PINEAPPLE and FLUXROOT Hacker Groups Exploit Google Cloud for Credential Phishing
TeamHood
2 min read
In a concerning development, two hacker groups known as PINEAPPLE and FLUXROOT have been identified leveraging Google Cloud’s serverless architecture to conduct sophisticated credential phishing campaigns.
FLUXROOT: Targeting Mercado Pago Users
FLUXROOT, a financially motivated group from Latin America (LATAM), has been exploiting Google Cloud container URLs to host phishing pages aimed at stealing login information from Mercado Pago users, a popular online payment platform in the region. This group is notorious for distributing the Grandoreiro banking trojan. They have also utilized other legitimate cloud services such as Microsoft Azure and Dropbox to disseminate their malware.
PINEAPPLE: Spreading Astaroth Malware
Similarly, the PINEAPPLE group has been using Google Cloud instances and self-created projects to create container URLs on legitimate Google Cloud domains like cloudfunctions[.]net and run.app. These URLs direct victims to malicious infrastructure hosting the Astaroth (also known as Guildma) stealer malware, targeting users in Brazil. PINEAPPLE has attempted to bypass email gateway protections by utilizing mail forwarding services and manipulating email fields to trigger DNS request timeouts, thus evading email authentication checks.

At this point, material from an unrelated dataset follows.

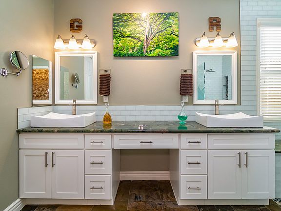 This is the perfect family home, offers an ample floorplan with lots of open, free flowing space and plenty of upgrades. The great room and kitchen offer direct views to the electric switch starter gas fireplace and entertainment niche. The kitchen features upgraded granite counter tops, stainless steel appliances, 5 burner gas cooktop, double oven, and a black Blanco composite sink. The master bedroom and living areas feature 9 and 10-foot ceilings with coffered accents. Ideal location neighboring Ronald Reagan Elementary School and access to 26-acres of amenities at Freedom Park. New Upgrades include: Custom wall-paper in laundry, 2-tone Paint thorough out, Soft Close Cabinets w/ Lazy Susan & pullout trash drawer, 5 detailed Baseboard, Custom Metal Detail Entry Pattern in tile that matches the Fireplace Mantle, Great Room Surround Sound Speakers, Stacked Stone Fireplace Surround, 'Nordic Black' (honed finish) & 'Jurassic Green' Granite (polished), & Pet Door.

Mitigation Efforts by Google
Google has responded to these threats by shutting down the malicious Google Cloud projects and updating its Safe Browsing lists to warn users about phishing pages. The company highlighted the challenges posed by threat actors who exploit the flexibility and ease of deployment offered by serverless platforms. These platforms, while beneficial to developers and enterprises for their cost-effectiveness and simplicity, also provide an attractive vector for cybercriminals.
Implications and Broader Trends
The abuse of cloud services by hackers is not a new phenomenon but is becoming increasingly sophisticated. Cybercriminals have been known to weaponize cloud infrastructure for various malicious activities, including cryptocurrency mining and ransomware attacks. The ability of these actors to blend into normal network activities complicates detection efforts.
The recent incidents underscore the need for enhanced security measures and vigilance among cloud service providers and users. As cyber threats evolve, so too must the strategies to combat them. This includes continuous monitoring, swift mitigation actions, and robust security protocols to protect sensitive information and maintain trust in cloud services.